March 14, 2013 at 7:43 am
kevaburg (3/14/2013)
My train of thought is that if the recovery model were changed to SIMPLE, we could in effect "unlock" the table and delete it.
The only two things that change between full and simple recovery model are how much is logged for bulk operations (which a drop table is not) and how long the log records are retained (cleared by a checkpoint vs a log backup). That's it, there's no differences in rollback behaviour, logging for any non-bulk operation, etc.
Gail Shaw
Microsoft Certified Master: SQL Server, MVP, M.Sc (Comp Sci)
SQL In The Wild: Discussions on DB performance with occasional diversions into recoverability
March 14, 2013 at 9:21 am
GilaMonster (3/14/2013)
Restart the instance, it's a hung rollback. If it's 0 seconds remaining, there won't be a prolonged recovery period.Recovery models have no effect on rollback, so doesn't matter which one you're in. Restarting with a rollback in progress will not set the DB suspect unless the DB is corrupt and the rollback encounters that corruption, but that would cause suspect status without a restart as well.
Very interesting comment.
May I ask this, if you don't mind?
Casually, I was inserting some data via BCP into a table (test environment) The machine is painfully slow because it is a virtual machine and was not properly optimized. Anyway, the bcp was taking for ever, so I killed the transaction. That made things worse, the VM turned more slow and the rollback was taking for ever. So I restarted the SQL instance, because the hanged process or rollback and the database went into suspect mode.
It was a test machine and have a fresh backup, so I restored from it, but it surprised me that the restart damaged the database.
I should say, the hanged process was a batch file with had inside:
-Step to create an empty table using pure T-SQL
-bcp to fill the empty table
-Steo to apply Indexes on the table
By the way, the SQL instance was SQL2012 Dev edition.
March 14, 2013 at 9:31 am
sql-lover (3/14/2013)
It was a test machine and have a fresh backup, so I restored from it, but it surprised me that the restart damaged the database.

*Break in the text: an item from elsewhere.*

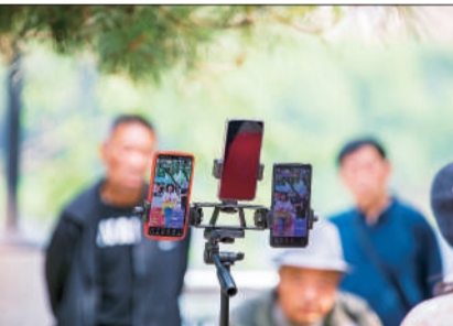
6月13日,吉林,老人在松花江畔唱二人转用手机玩直播。

The restart didn't damage the database. SQL's not in the habit of corrupting its own databases (unless you encountered a bug, if so, you need to report it to Microsoft).

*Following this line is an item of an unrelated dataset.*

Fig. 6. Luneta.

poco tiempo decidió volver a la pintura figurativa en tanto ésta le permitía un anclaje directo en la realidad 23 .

There are two things that will send a database into the suspect state
- Corruption encountered (log or data file) when rolling back a transaction
- Corruption encountered (log or data file) when running crash recovery on a database at startup.
Additionally, a missing file (log or data) on startup can send a database into the 'recovery pending' state.

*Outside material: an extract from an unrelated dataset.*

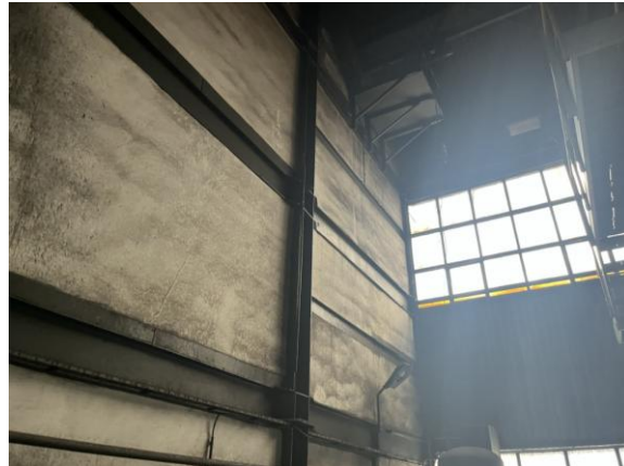
Rysunek nr 3 - Widok wnętrza hali produkcyjnej (ściana oddzielająca od klatki schodowej)

What most likely happened is that something in the IO subsystem didn't write correctly (maybe as a side effect of the VM being under load) and when SQL ran crash recovery on the database it encountered something incorrect in the data or log file, that sent the database suspect.
Gail Shaw
Microsoft Certified Master: SQL Server, MVP, M.Sc (Comp Sci)
SQL In The Wild: Discussions on DB performance with occasional diversions into recoverability
March 14, 2013 at 9:38 am
GilaMonster (3/14/2013)
sql-lover (3/14/2013)
It was a test machine and have a fresh backup, so I restored from it, but it surprised me that the restart damaged the database.What most likely happened is that something in the IO subsystem didn't write correctly (maybe as a side effect of the VM being under load) and when SQL ran crash recovery on the database it encountered something incorrect in the data or log file, that sent the database suspect.
Yeah, that's what I was thinking, it makes sense. As the IO has been really slow since our IT guy delivered the VM to me.
I know the restart did not damage it itself, but the recovery somehow, found a corrupted table, data or something so SQL tried to protect the database and marked as suspect. I tried to recover putting the db in emergency state, run dbcc, etc, just for fun, but was taking too much, was busy, so I restored from fresh backup.
When I stopped the DBCC, I think there was lot of comments about that table and unable to rollback or something; did not save the exact comment.
I was also thinking about a weird SQL2012 bug, but have no evidence about it.